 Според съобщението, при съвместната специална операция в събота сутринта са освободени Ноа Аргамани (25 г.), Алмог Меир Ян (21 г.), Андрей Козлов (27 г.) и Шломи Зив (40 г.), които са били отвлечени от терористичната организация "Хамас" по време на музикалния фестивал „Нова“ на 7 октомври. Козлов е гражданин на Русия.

___

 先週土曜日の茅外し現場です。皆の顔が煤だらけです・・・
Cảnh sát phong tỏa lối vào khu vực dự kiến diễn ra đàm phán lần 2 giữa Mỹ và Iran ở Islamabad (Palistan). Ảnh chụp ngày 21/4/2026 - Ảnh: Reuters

___

§ **What this task involves**: Everything starting at the line containing "先週土曜日の茅外し現場です。皆の顔が煤だらけです・・・" and ending at the line containing "Cảnh sát phong" in the records above should be repeated exactly, and only that.

§ **Exercise result**:
 先週土曜日の茅外し現場です。皆の顔が煤だらけです・・・
Cảnh sát phong tỏa lối vào khu vực dự kiến diễn ra đàm phán lần 2 giữa Mỹ và Iran ở Islamabad (Palistan). Ảnh chụp ngày 21/4/2026 - Ảnh: Reuters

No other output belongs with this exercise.